• _Work task_:
Below are entries with pictures among them; reproduce exactly, and only, the lines from the one containing "Общая площадь — 35,2 м²" down to the one containing "El muro de concreto", without the pictures.

• _Dataset entries_:
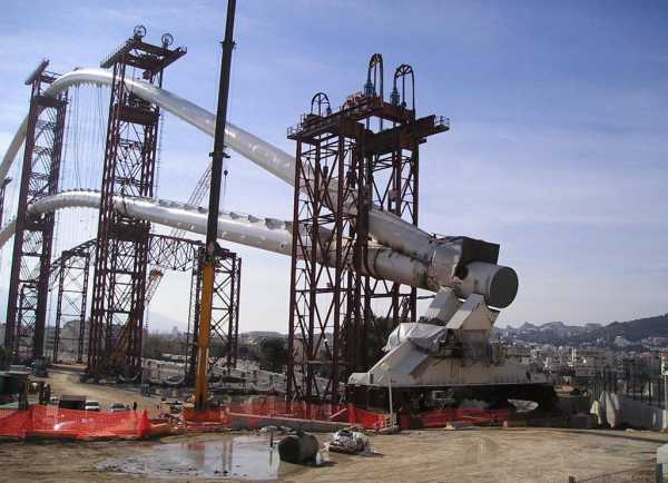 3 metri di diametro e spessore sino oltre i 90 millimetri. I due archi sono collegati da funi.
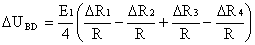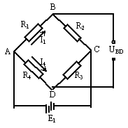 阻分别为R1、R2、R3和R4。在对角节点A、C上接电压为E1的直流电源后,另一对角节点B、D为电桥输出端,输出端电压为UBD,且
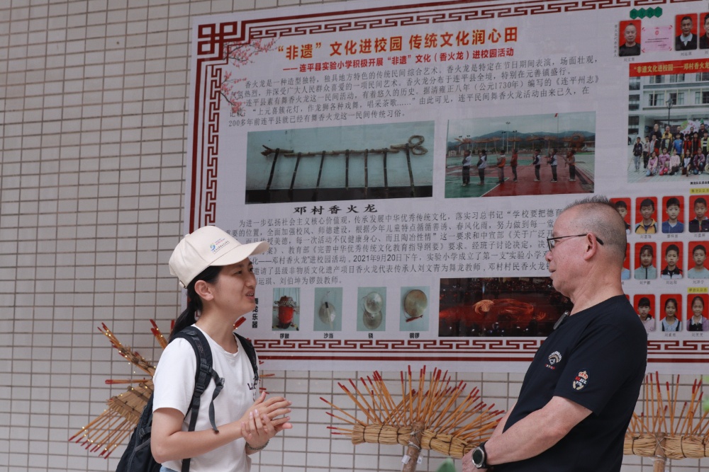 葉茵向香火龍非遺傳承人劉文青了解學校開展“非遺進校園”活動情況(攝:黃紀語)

---

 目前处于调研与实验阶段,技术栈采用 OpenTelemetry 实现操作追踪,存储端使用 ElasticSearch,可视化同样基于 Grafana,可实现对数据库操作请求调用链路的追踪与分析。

...

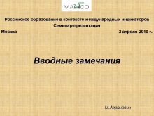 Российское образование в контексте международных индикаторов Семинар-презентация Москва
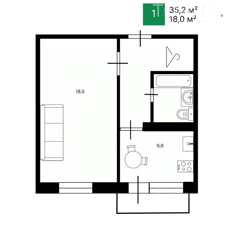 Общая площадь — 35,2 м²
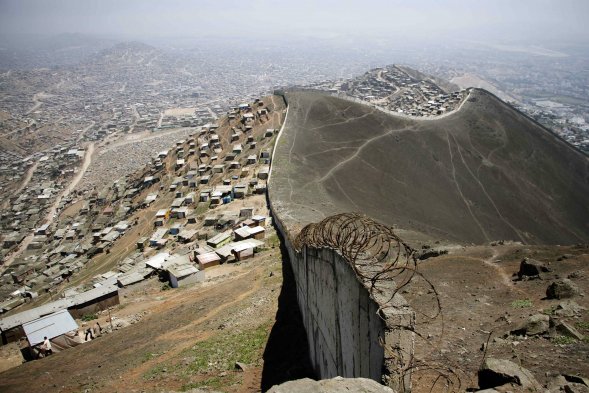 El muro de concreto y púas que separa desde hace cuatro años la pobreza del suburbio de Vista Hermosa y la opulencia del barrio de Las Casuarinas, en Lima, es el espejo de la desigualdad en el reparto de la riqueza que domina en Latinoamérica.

• _Response to this exercise_:
 Общая площадь — 35,2 м²
 El muro de concreto y púas que separa desde hace cuatro años la pobreza del suburbio de Vista Hermosa y la opulencia del barrio de Las Casuarinas, en Lima, es el espejo de la desigualdad en el reparto de la riqueza que domina en Latinoamérica.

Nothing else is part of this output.